Темные молодые личности делали мне из вяза луки и самострелы; высокий штык-юнкер с красным носом вертел меня на воздухе, как щепку, приучая к гимнастике. Только «профессор» по-всегдашнему был погружен в какие-то глубокие соображения, а Лавровский в трезвом состоянии вообще избегал людского общества и жался по углам.

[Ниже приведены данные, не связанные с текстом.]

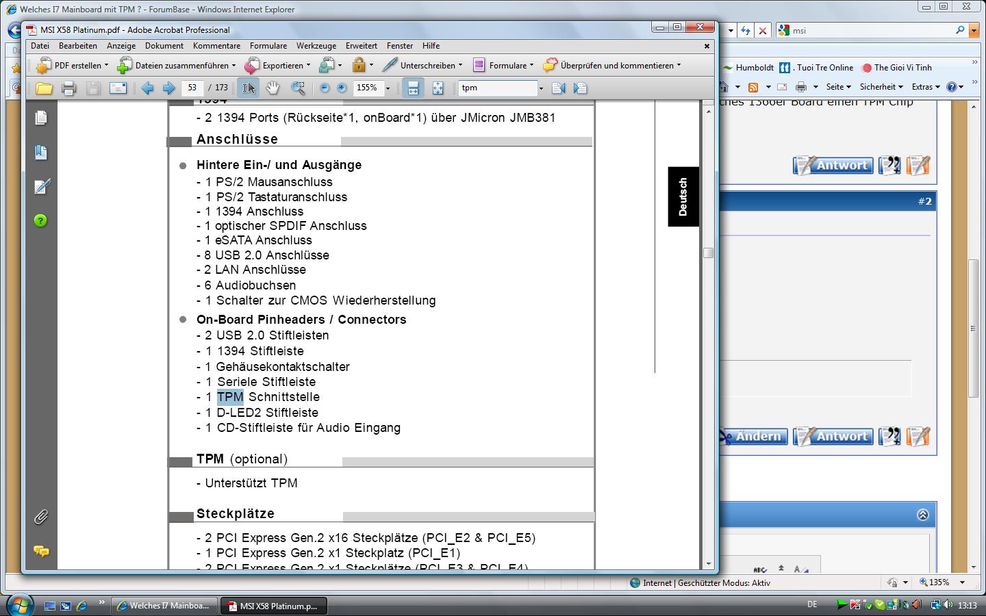 Bei beiden finde ich aber keine definitiven Aussagen, ob diese Boards nun über einen TPM Chip verfügen oder nicht. Ich möchte wegen Bitlocker zwingend ein Board mit TPM.

Все эти люди помещались отдельно от Тыбурция, который занимал «с семейством» описанное выше подземелье. Остальные члены «дурного общества» жили в таком же подземелье, побольше, которое отделялось от первого двумя узкими коридорами. Свету здесь было меньше, больше сырости и мрака. Вдоль стен кое-где стояли деревянные лавки и обрубки, заменявшие стулья. Скамейки были завалены какими-то лохмотьями, заменявшими постели. В середине, в освещенном месте, стоял верстак, на котором по временам пан Тыбурций или кто-либо из темных личностей работали столярные поделки; был среди «дурного общества» и сапожник, и корзинщик, но, кроме Тыбурция, все остальные ремесленники были или дилетанты, или же какие-нибудь заморыши, или люди, у которых, как я замечал, слишком сильно тряслись руки, чтобы работа могла идти успешно. Пол того подземелья был закидан стружками и всякими обрезками; всюду виднелись грязь и беспорядок, хотя по временам Тыбурций за это сильно ругался и заставлял кого-нибудь из жильцов подмести и хотя сколько-нибудь убрать это мрачное жилье. Я не часто заходил сюда, так как не мог привыкнуть к затхлому воздуху, и, кроме того, в трезвые минуты здесь имел пребывание мрачный Лавровский. Он обыкновенно или сидел на лавочке, спрятав лицо в ладони и раскидав свои длинные волосы, или ходил из угла в угол быстрыми шагами. От этой фигуры веяло чем-то тяжелым и мрачным, чего не выносили мои нервы. Нo остальные сожители-бедняки давно уже свыклись с его странностями. Генерал Туркевич заставлял его иногда переписывать набело сочиняемые самим Туркевичем прошения и кляузы для обывателей или же шуточные пасквили, которые потом развешивал на фонарных столбах. Лавровский покорно садился за столик в комнате Тыбурция и по целым часам выводил прекрасным почерком ровные строки. Раза два мне довелось видеть, как его, бесчувственно-пьяного, тащили сверху в подземелье. Голова несчастного, свесившись, болталась из стороны в сторону, ноги бессильно тащились и стучали по каменным ступенькам, на лице виднелось выражение страдания, по щекам текли слезы. Мы с Марусей, крепко прижавшись друг к другу, смотрели на эту сцену из дальнего угла; но Валек совершенно свободно шнырял между большими, поддерживая то руку, то ногу, то голову Лавровского.